“Around $1.7 trillion of write-downs in toxic assets still expected”

Stephen Roach of Morgan Stanley maintains that recovery in global economies remains weak. While sounding cautious on Asian revival, he remains positive on India

In a frank discussion on global economic trends, Asian markets and the Indian economy, the chairman of Morgan Stanley Asia, Stephen Roach, submitted that global economies still remained at a delicate point and that recovery would take a much longer time.

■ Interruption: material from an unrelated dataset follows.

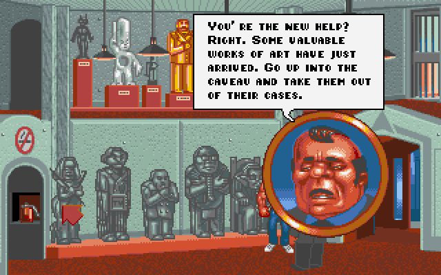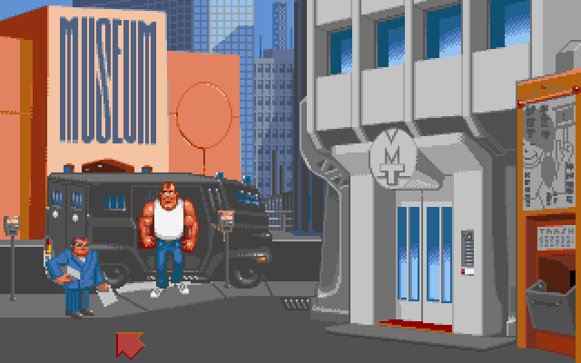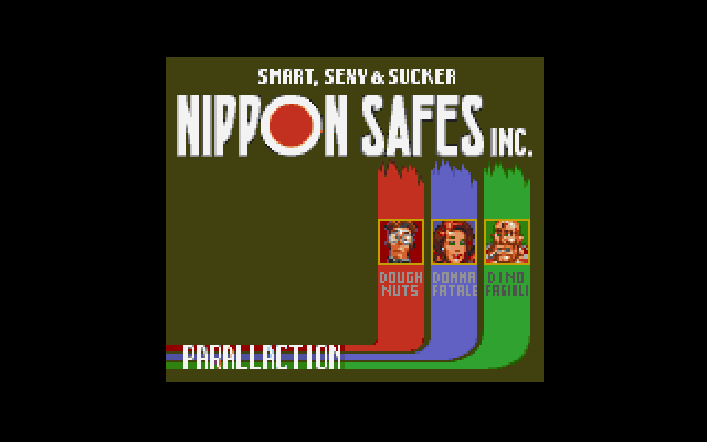 Nippon Safes Inc. is a tongue-in-cheek, point-and-click adventure game from an Italian studio, featuring three different characters - a smart hi-tech safe cracker, a former boxer doing odd jobs, and an exotic dancer - who end up in prison in Tioko (obviously supposed to be Tokyo, Japan) for various misdeeds as the game starts, but are then set free to complete their separate story arcs, before getting to work together in the final chapter of the adventure. The game is controlled entirely via mouse. The left mouse button directs the character, and the right button brings up a menu of available actions and an inventory (combined on a single panel). The only keyboard keys used are S and L for saving and loading the game, respectively, and the space bar, which, unexpectedly, exits back to DOS. The game supports several languages, including English, German and French in addition to the native Italian, selectable at the start. Nippon Safes Inc. was originally a commercial product, but on 17 March 2021 it was officially made freeware by its authors. The game can be played in Windows using ScummVM (please see the links section below).

He was sceptical of the huge rally in the stock markets that caught everybody by surprise last year. “We had a very strong recovery in the stock markets in the final nine months of 2009. In my view, the markets got ahead of themselves in predicting the strong and vigorous recovery in the US economy. I have been consistently cautious on global economies in this post-crisis period and remain so. Even though the worst is over, it does not mean that we are in for a vigorous recovery.”

Speaking about the spectacular show put up by some Asian economies after the crisis, Mr Roach said, “There is more that needs to be done by Asia to assume the role as a growth engine and leader of global economic growth. The Asian model remains very much dependent on exports and external demand. India is an exception to that. But for the most part, Asia follows this model, which is difficult to sustain in this post-crisis period. Weak recovery in global markets means that external demand will remain under pressure for some time to come.”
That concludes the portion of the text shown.